S’agissant des frais d’études supplémentaires :
111. Après avoir indiqué successivement dans leur réclamation préalable puis dans leur requête introductive d’instance que la somme de 115 900 euros dont elles sollicitent l’indemnisation correspond aux études supplémentaires réalisées en application de l’OS n° 191 puis des OS n° 203, 204 et 210, les sociétés requérantes ont précisé, dans leurs dernières écritures, que cette somme se rapporte en réalité à la rémunération des études complémentaires effectuées en application des seuls OS n° 203 et 204. Toutefois, en dépit de la contestation de la région sur ce point et alors que le collège d’experts a relevé qu’aucun élément ne permettait de justifier de la réalité des prestations en litige, les sociétés GTOI, VCT et SBTPC SOGEA Réunion, en se bornant à renvoyer à leur courrier du 4 novembre 2020 auquel n’était joint aucune pièce justificative relative aux études d’exécution réalisées en application des deux ordres de service dont il s’agit, ne sauraient être regardées comme démontrant le caractère certain du préjudice dont elles demandent réparation.

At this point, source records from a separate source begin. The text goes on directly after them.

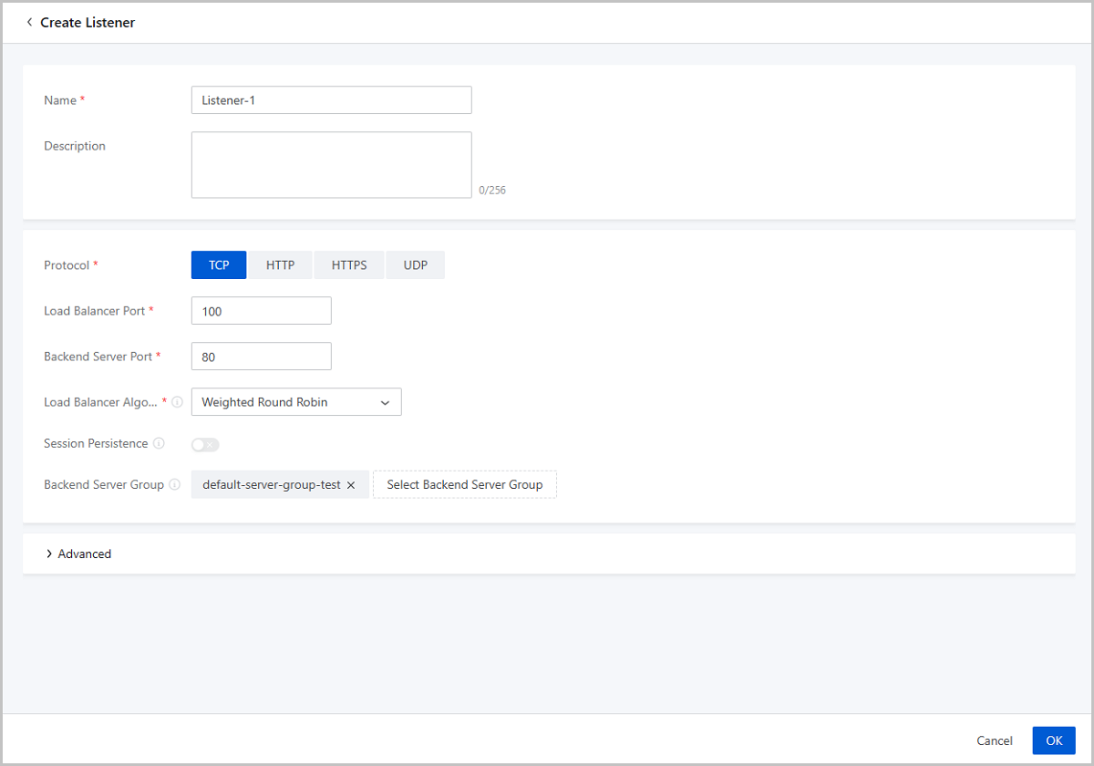 On the details page of the load balancer, click the Listener tab. On the tab, click Create Listener. The Create Listener page is displayed.
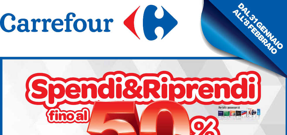 Volantino Carrefour “Spendi e riprendi fino al 50%” dal 31 Gennaio all’8 Febbraio 2018
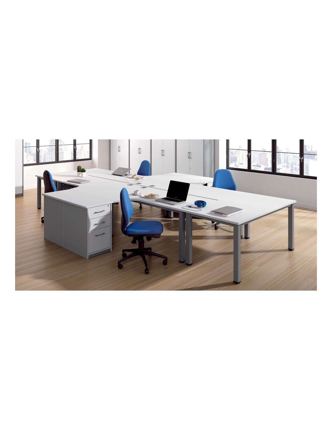 La línea EXECUTIVE, está diseñada con líneas suaves y rectas. Creada para mantener un perfecto equilibrio entre operatividad y estética. Estructura realizada en tubo de acero de 40 x 30 mm de sección fijados entre ellos y a los 4 pies mediante 4 piezas de aluminio fundido. Los pies son de tubo de acero de 60 x 60 mm de sección e incorporan niveladores de regulación en altura de 5 cm. Todo ello pintado según modelo. El tablero es de melamina de 25 mm de grosor color según producto canteado en PVC de 1 mm del mismo color.
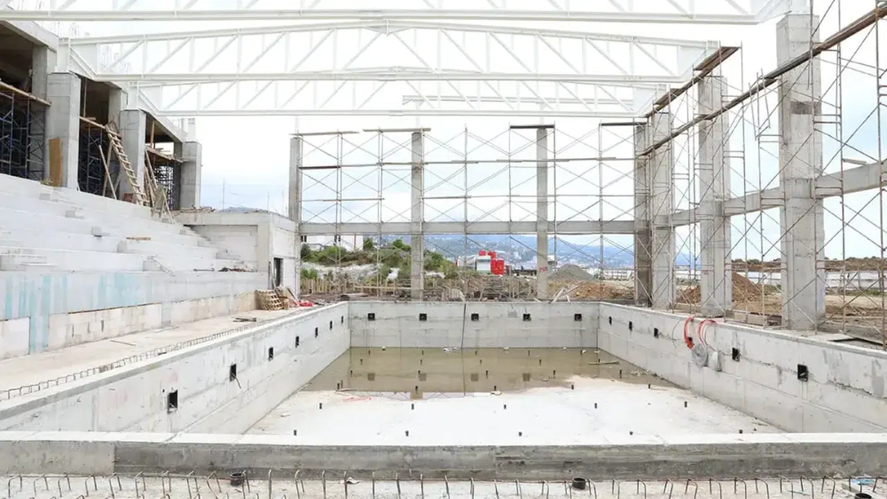Akçaabat Belediyesi, Yaylacık Sahili'nde hayata geçirdiği vizyon projelerinden biri olan Yarı Olimpik Kapalı Yüzme Havuzu'nun inşaatında büyük ilerleme kaydediyor. 15 Eylül 2023'te gerçekleştirilen temel atma töreninden bu yana geçen sekiz ayda, havuzun kaba inşaatı %90 oranında tamamlandı.

Par suite, la demande présentée à ce titre ne peut qu’être rejetée.
S’agissant des travaux prescrits par les OS nos 203 et 204 :
112. D’une part, il résulte de l’instruction que la charge des travaux de démontage de la voie de service de la digue D4 prescrits par l’OS n° 203 a, conformément au contenu des annexes 5 et 3.1 du protocole d’accord de septembre 2020, finalement incombé aux sociétés requérantes au titre de la poursuite de l’exécution du marché MT5.2. Dans ces conditions, les intéressées, qui n’établissent ni même n’allèguent ne pas avoir perçu la moindre rémunération à ce titre, ne sauraient en demander l’indemnisation, à hauteur de 13 315,34 euros, dans le cadre de la présente instance.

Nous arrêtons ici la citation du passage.